**WHAT IS EXPECTED**
Pictures are to be dropped. Everything else in the listing gets copied exactly.
[Opening DATA BELOW section]
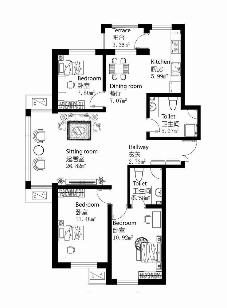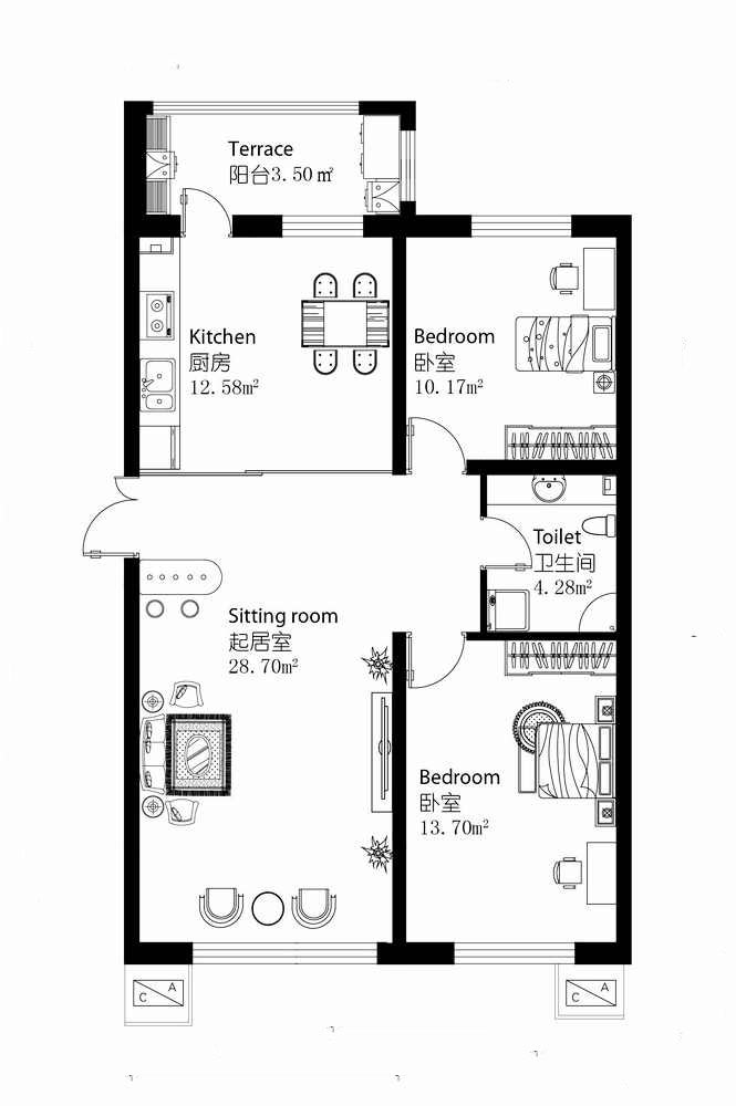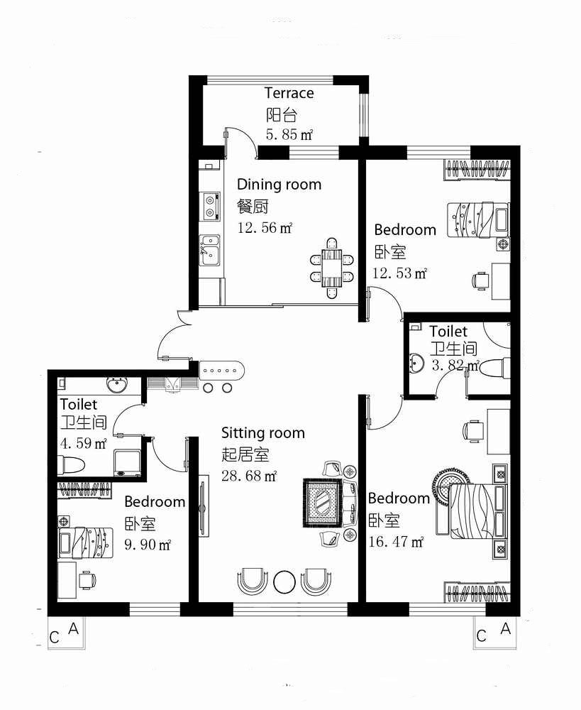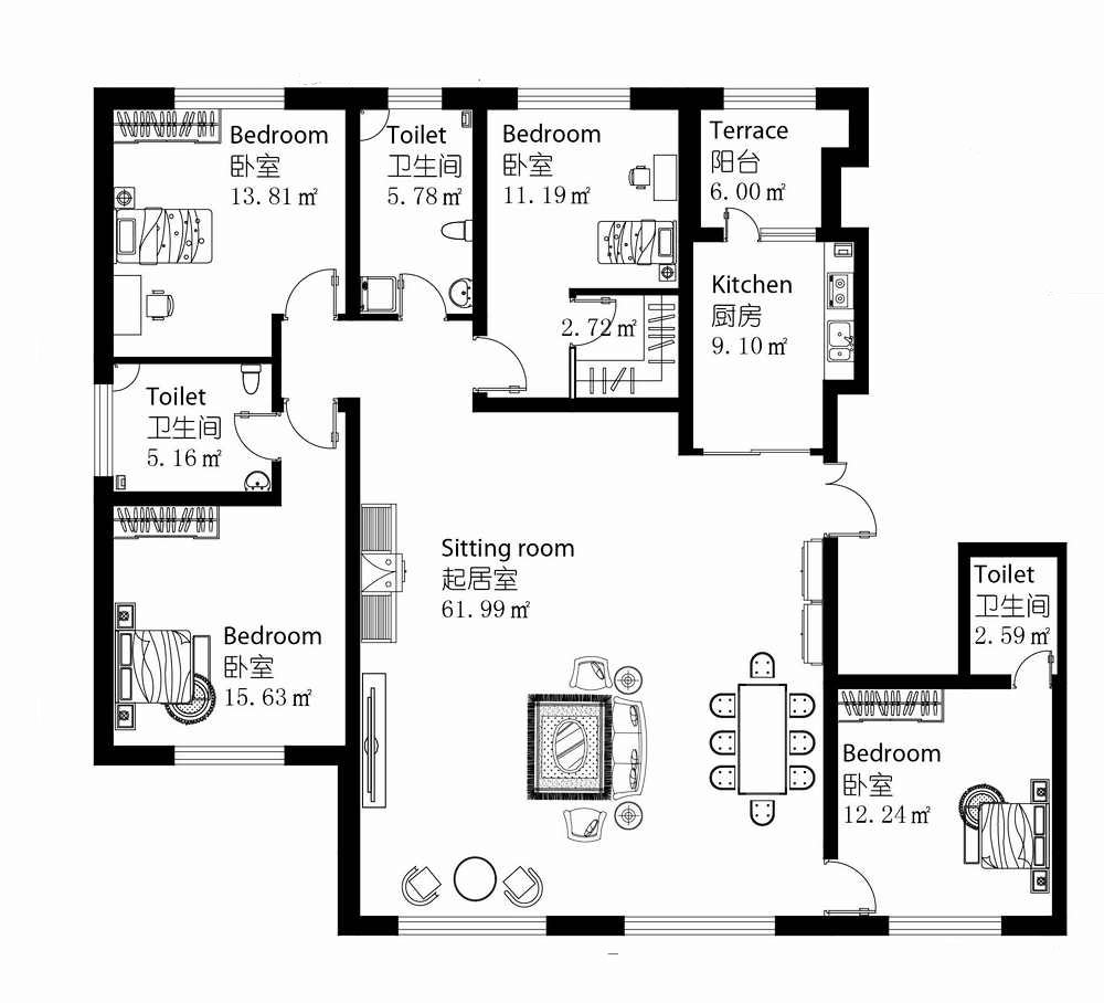 户型设计均采用南北通透,面积从38㎡--130㎡不等,规划有一居、二居、三居、四居。超大的楼间距设计,在充分保证视野的同时,提供良好的采光。。
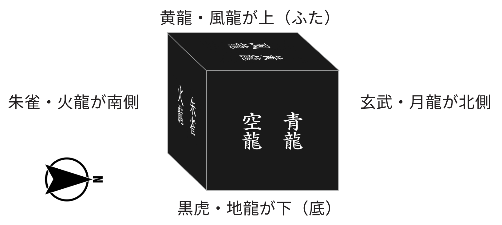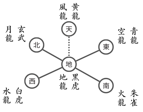 「青龍、朱雀、白虎、玄武、黄龍、黒虎」は六神獣と呼ばれる方位の守り神です。
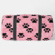 This sparkling Gear bag features a delightful pattern of black paw prints set against a shimmering pink background with small white glitter details. It's a charming Kit bag and a fashionable Weekender for pet owners with flair.
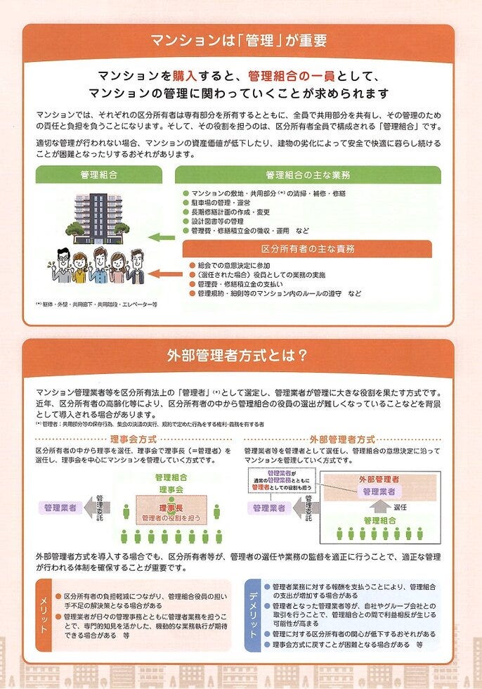 マンションを買ったらあなたもマンション管理の担い手です!とのことです。国土交通省が出されている資料がありましたので掲載します。御参考ください。
[Closing DATA BELOW section]
**RESPONSE TO THE TASK**
 户型设计均采用南北通透,面积从38㎡--130㎡不等,规划有一居、二居、三居、四居。超大的楼间距设计,在充分保证视野的同时,提供良好的采光。。
 「青龍、朱雀、白虎、玄武、黄龍、黒虎」は六神獣と呼ばれる方位の守り神です。
 This sparkling Gear bag features a delightful pattern of black paw prints set against a shimmering pink background with small white glitter details. It's a charming Kit bag and a fashionable Weekender for pet owners with flair.
 マンションを買ったらあなたもマンション管理の担い手です!とのことです。国土交通省が出されている資料がありましたので掲載します。御参考ください。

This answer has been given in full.